Dataset records

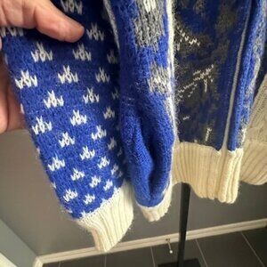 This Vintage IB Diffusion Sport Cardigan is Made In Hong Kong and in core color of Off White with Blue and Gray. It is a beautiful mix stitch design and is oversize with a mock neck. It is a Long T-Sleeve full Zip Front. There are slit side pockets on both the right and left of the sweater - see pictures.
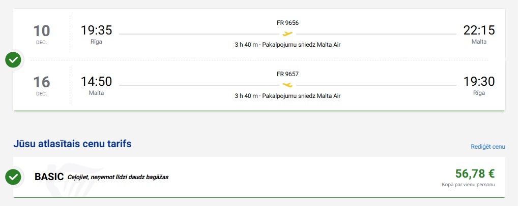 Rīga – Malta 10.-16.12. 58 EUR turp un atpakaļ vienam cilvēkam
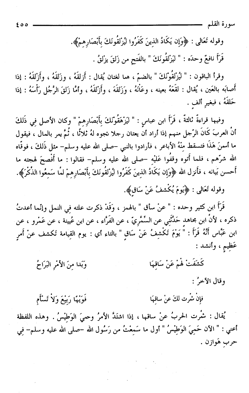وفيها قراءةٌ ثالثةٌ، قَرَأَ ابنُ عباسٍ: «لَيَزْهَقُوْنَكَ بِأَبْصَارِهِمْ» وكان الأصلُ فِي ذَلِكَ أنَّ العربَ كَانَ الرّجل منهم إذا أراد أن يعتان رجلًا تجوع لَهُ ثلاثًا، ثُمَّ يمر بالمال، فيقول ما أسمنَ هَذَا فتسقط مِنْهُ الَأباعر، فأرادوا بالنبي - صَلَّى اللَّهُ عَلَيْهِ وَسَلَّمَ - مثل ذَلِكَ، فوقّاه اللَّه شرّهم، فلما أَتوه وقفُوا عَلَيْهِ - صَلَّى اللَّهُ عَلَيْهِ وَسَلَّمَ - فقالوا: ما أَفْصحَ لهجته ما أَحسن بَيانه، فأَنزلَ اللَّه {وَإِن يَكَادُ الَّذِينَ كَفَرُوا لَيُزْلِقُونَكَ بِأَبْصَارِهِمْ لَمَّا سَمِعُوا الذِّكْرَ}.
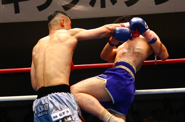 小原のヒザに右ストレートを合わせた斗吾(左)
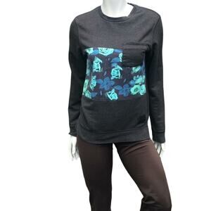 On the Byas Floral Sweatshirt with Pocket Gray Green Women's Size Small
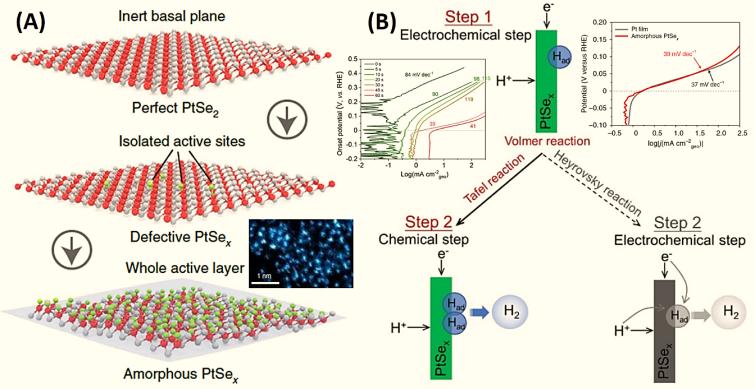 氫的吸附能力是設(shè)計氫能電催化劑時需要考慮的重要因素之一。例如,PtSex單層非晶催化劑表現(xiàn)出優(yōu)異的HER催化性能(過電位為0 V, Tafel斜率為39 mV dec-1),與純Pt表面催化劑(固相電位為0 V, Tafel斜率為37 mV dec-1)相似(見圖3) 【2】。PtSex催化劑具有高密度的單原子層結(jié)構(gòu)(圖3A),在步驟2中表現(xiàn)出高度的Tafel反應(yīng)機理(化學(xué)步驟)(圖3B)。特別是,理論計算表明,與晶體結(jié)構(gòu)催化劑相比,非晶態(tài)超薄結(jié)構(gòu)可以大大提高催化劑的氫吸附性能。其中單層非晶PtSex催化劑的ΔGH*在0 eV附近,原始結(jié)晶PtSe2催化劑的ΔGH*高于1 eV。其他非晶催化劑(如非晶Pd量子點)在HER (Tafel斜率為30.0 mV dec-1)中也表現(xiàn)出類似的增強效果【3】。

Exercise directions :: Every line above should be copied exactly, apart from any pictures.

Task output ::
 This Vintage IB Diffusion Sport Cardigan is Made In Hong Kong and in core color of Off White with Blue and Gray. It is a beautiful mix stitch design and is oversize with a mock neck. It is a Long T-Sleeve full Zip Front. There are slit side pockets on both the right and left of the sweater - see pictures.
 Rīga – Malta 10.-16.12. 58 EUR turp un atpakaļ vienam cilvēkam
وفيها قراءةٌ ثالثةٌ، قَرَأَ ابنُ عباسٍ: «لَيَزْهَقُوْنَكَ بِأَبْصَارِهِمْ» وكان الأصلُ فِي ذَلِكَ أنَّ العربَ كَانَ الرّجل منهم إذا أراد أن يعتان رجلًا تجوع لَهُ ثلاثًا، ثُمَّ يمر بالمال، فيقول ما أسمنَ هَذَا فتسقط مِنْهُ الَأباعر، فأرادوا بالنبي - صَلَّى اللَّهُ عَلَيْهِ وَسَلَّمَ - مثل ذَلِكَ، فوقّاه اللَّه شرّهم، فلما أَتوه وقفُوا عَلَيْهِ - صَلَّى اللَّهُ عَلَيْهِ وَسَلَّمَ - فقالوا: ما أَفْصحَ لهجته ما أَحسن بَيانه، فأَنزلَ اللَّه {وَإِن يَكَادُ الَّذِينَ كَفَرُوا لَيُزْلِقُونَكَ بِأَبْصَارِهِمْ لَمَّا سَمِعُوا الذِّكْرَ}.
 小原のヒザに右ストレートを合わせた斗吾(左)
 On the Byas Floral Sweatshirt with Pocket Gray Green Women's Size Small
 氫的吸附能力是設(shè)計氫能電催化劑時需要考慮的重要因素之一。例如,PtSex單層非晶催化劑表現(xiàn)出優(yōu)異的HER催化性能(過電位為0 V, Tafel斜率為39 mV dec-1),與純Pt表面催化劑(固相電位為0 V, Tafel斜率為37 mV dec-1)相似(見圖3) 【2】。PtSex催化劑具有高密度的單原子層結(jié)構(gòu)(圖3A),在步驟2中表現(xiàn)出高度的Tafel反應(yīng)機理(化學(xué)步驟)(圖3B)。特別是,理論計算表明,與晶體結(jié)構(gòu)催化劑相比,非晶態(tài)超薄結(jié)構(gòu)可以大大提高催化劑的氫吸附性能。其中單層非晶PtSex催化劑的ΔGH*在0 eV附近,原始結(jié)晶PtSe2催化劑的ΔGH*高于1 eV。其他非晶催化劑(如非晶Pd量子點)在HER (Tafel斜率為30.0 mV dec-1)中也表現(xiàn)出類似的增強效果【3】。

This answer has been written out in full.